I strongly prefer and recommend the 2nd way of looking at that, and act accordingly. That’s a admittedly a major shift in thinking from traditional software development or database centric teams.

In practice, this generally means that I very strongly favor the concept of an application database that is only accessed by one application and can be considered to be just part of the application. In this case, I would opt to have all of the database DDL scripts and migrations in the source control repository for the application. This has a lot of benefits for development teams:

  1. It makes it dirt simple to correlate the database schema changes to the rest of the application code because they’re all versioned together
  2. Automated testing is easier within continuous integration builds becomes easier because you know exactly what scripts to apply to the database before running the tests
  3. No need for elaborate cascading builds in your continuous integration setup because it’s just all together

In contrast, a shared database that’s accessed by multiple applications is a lot more potential friction. The version tracking between the two moving parts is harder to understand and it harms your ability to do effective automated testing. Moreover, it’s wretchedly nasty to allow lots of different applications to float on top of the same database in what I call the “pond scum anti-pattern” because it inevitably causes nasty coupling issues that will almost result in regression bugs due to it being so much harder to understand how changes in the database will ripple out to the applications sharing the database. A much, much younger version of myself walked into a meeting and asked our “operational data store” folks to add a column to a single view and got screamed at for 30 minutes straight on why that was going to be impossible and do you know how much work it’s going to be to test everything that uses that view young man?
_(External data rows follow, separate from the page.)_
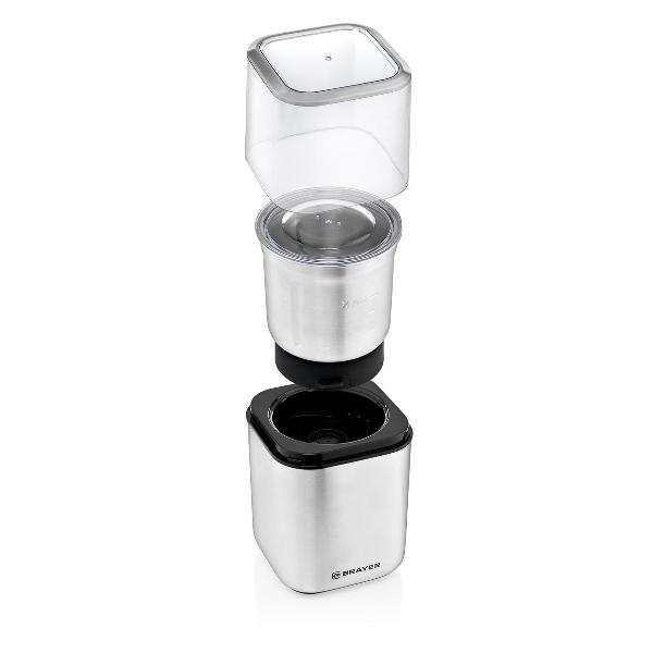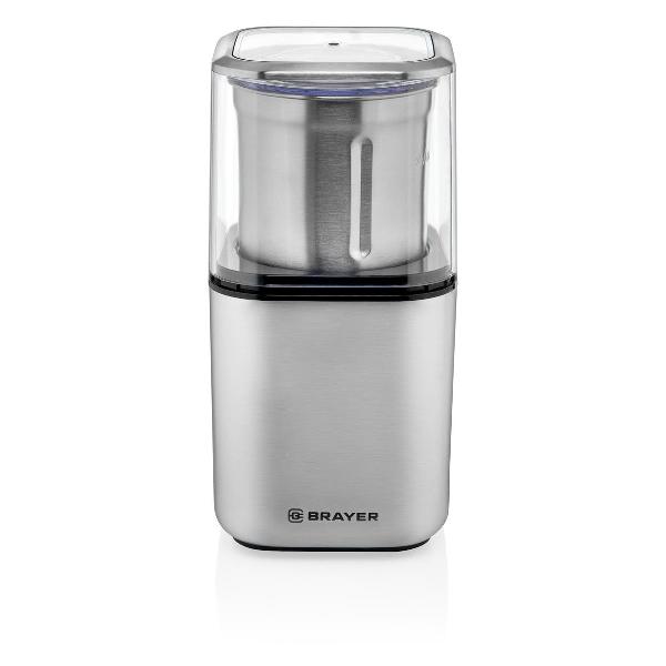 Кофемолка Brayer BR1180 — модель с серебристым корпусом из нержавеющей стали и потребляемой мощностью 200 Вт, предназначенная для помола кофе и специй.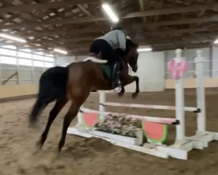 Darcy is a 5yr old grade quarter pony. She has a great brain and really just wants to be a little girl or boys best friend. Darcy can walk, trot, canter and has been started over small fences and shows she is brave. She is the same ride regardless of indoor, outdoor, or field with other horses or alone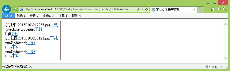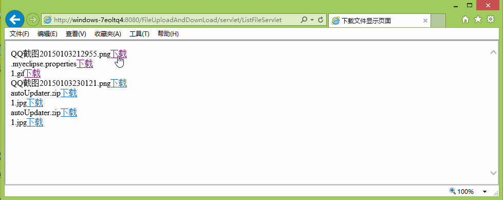 访问ListFileServlet,就可以在listfile.jsp页面中显示提供给用户下载的文件资源,如下图所示: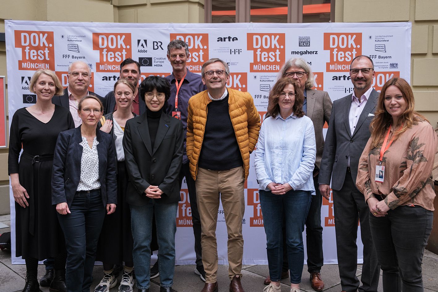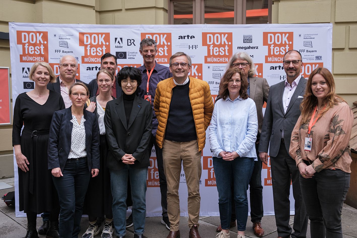 • Weltpremiere UNSERE HERZEN EIN KLANG, Simone Dobmeier (Regie, links), Torsten Striegnitz (Regie, 2.v.l. hinten), Simon Halsey (Protagonist, Chorleiter, Mitte), Hyunju Kwon (Protagonistin, Chorleiterin, 2.v.l. vorne), Daniel Sponsel (DOK.fest München, hinten Mitte), Adele Kohout (DOK.fest München, rechts) (c) DOK.fest München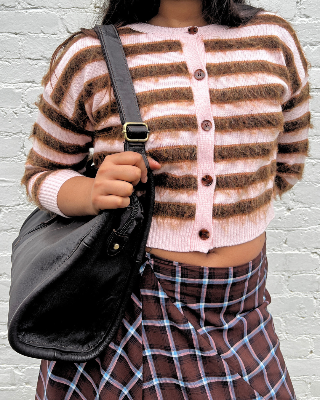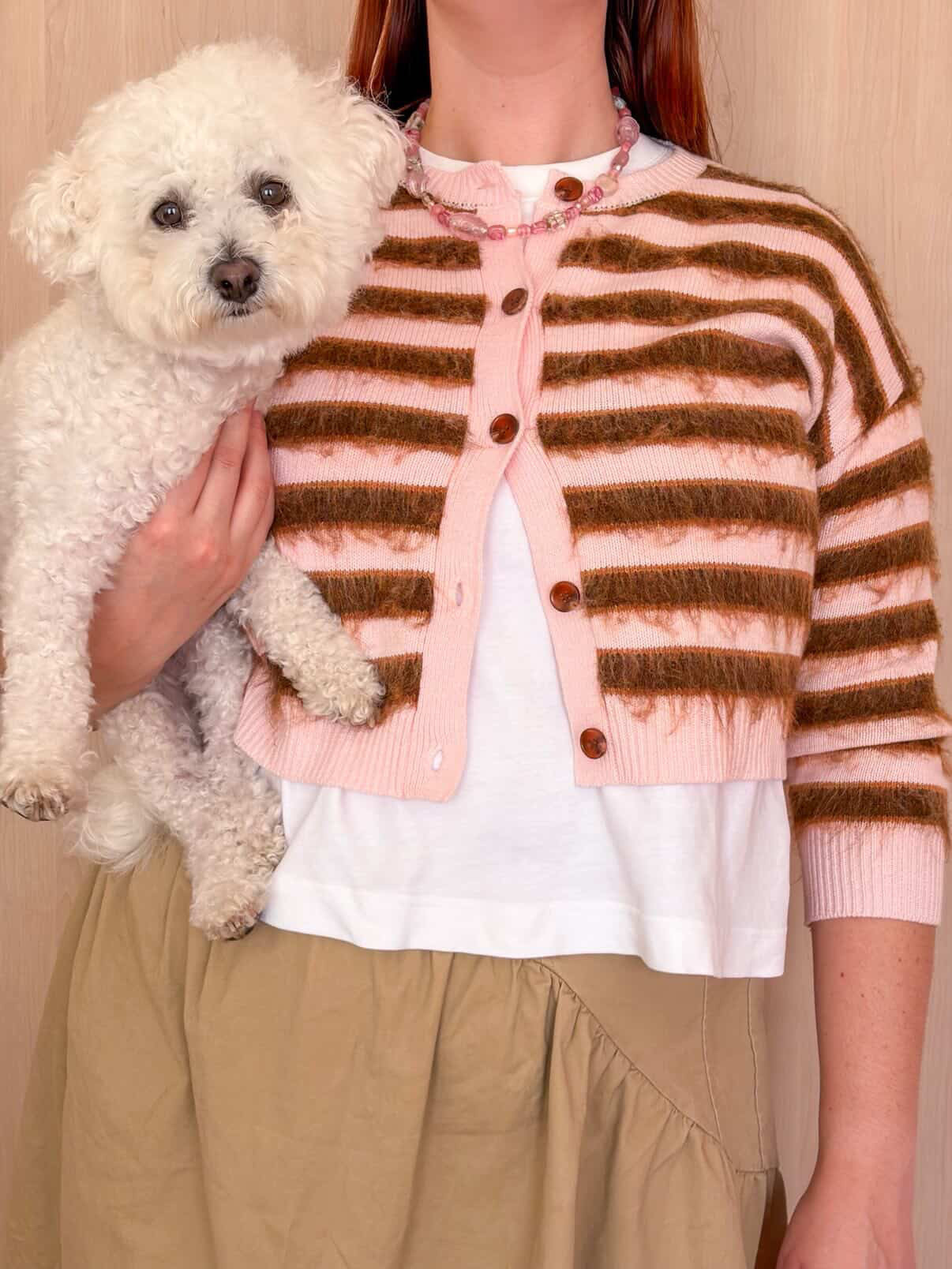 Super soft striped cardigan in pale pink and fuzzy brown, with a dropped shoulder and cropped sleeve, and faux tortoise shell buttons.

Assuming that you absolutely have to continue to use a shared database like my shop does, I’d at least try to ameliorate that by:

  • Make damn sure that all changes to that shared database schema are captured in source control somewhere so that you have a chance at effective change tracking
  • Having a continuous integration build for the shared database that runs some level of regression tests and then subsequently cascades to all of the applications that touch that database being automatically updated and tested against the latest version of the shared database. I’m expecting some screaming when I recommend that in the office next week;-)
  • At the least, have some mechanism for standing up a local copy of the up to date database schema with any necessary baseline data on demand for isolated testing
  • Some way to know when I’m running or testing the dependent applications exactly what version of the database schema repository I’m currently using. Git submodules? Distribute the DB via Nuget? Finally do something useful with Docker, distribute the DB as a versioned Docker image, and brag about that to any developer we meet?

The key here is that I want automated builds constantly running as feedback mechanisms to know when and what database changes potentially break (or fix too!) one of our applications. Because of some bad experiences in the past, I’m hesitant to use cascading builds between separate repositories, but it’s definitely warranted in this case until we can get the big central database split up.
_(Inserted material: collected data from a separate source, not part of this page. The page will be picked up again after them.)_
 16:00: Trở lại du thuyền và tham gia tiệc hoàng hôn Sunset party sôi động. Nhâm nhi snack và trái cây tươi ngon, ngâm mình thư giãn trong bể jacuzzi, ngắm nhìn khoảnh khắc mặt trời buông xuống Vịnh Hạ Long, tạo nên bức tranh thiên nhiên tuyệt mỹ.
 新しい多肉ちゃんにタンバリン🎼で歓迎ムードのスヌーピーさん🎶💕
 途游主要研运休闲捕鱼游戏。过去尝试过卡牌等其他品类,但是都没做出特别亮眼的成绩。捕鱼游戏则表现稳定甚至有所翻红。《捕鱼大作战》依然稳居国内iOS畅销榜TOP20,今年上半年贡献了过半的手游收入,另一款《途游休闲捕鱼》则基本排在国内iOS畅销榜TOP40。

At the end of the day, I still think that the shared database architecture is a huge anti-pattern that most shops should try to avoid and I’d certainly like to see us start moving away from that model more and more.

 

Document Databases over Relational Databases

I’ve definitely put my money where my mouth is on this (RavenDb early on, and now Marten). In my mind, evolutionary or incremental software design is much easier with document databases for a couple reasons:

  • Far fewer changes in the application code result in database schema changes
  • It’s much less work to keep the application and database in sync because the storage just reflects the application model
  • Less work in the application code to transform the database storage to structures that are more appropriate for the business logic. I.e., relational databases really aren’t great when your domain model is logically hierarchical rather than flat
  • It’s a lot less work to tear down and set up known test input states in document databases. With a relational database you frequently end up having to deal with extraneous data you don’t really care about just to satisfy relational integrity concerns. Likewise, tearing down relational database state takes more care and thought than it does with a document database.

I would still opt to use a relational database for reporting or if there’s a lot of set based logic in your application. For simpler CRUD applications, I think you’re fine with just about any model and I don’t object to relational databases in those cases either.

It sounds trivial, but it does help tremendously if your relational database tables are configured to use cascading deletes when you’re trying to set a database into a known state for tests.

Team Organization

My strong preference is to have a completely self-contained team that has the ability and authority to make any and all changes to their application database, and that’s most definitely been valid in my experience. Have the database managed and owned separately from the development team is a frequent source of friction and definitely a major hit to your reversibility that forces you to do more potentially wrong, upfront design work. It’s much worse when that separate team does not share your priorities or simply works on a very different release schedule. I think it’s far better for a team to own their database — or at the very worst, have someone who is allowed to touch the database in the team room and team standup’s.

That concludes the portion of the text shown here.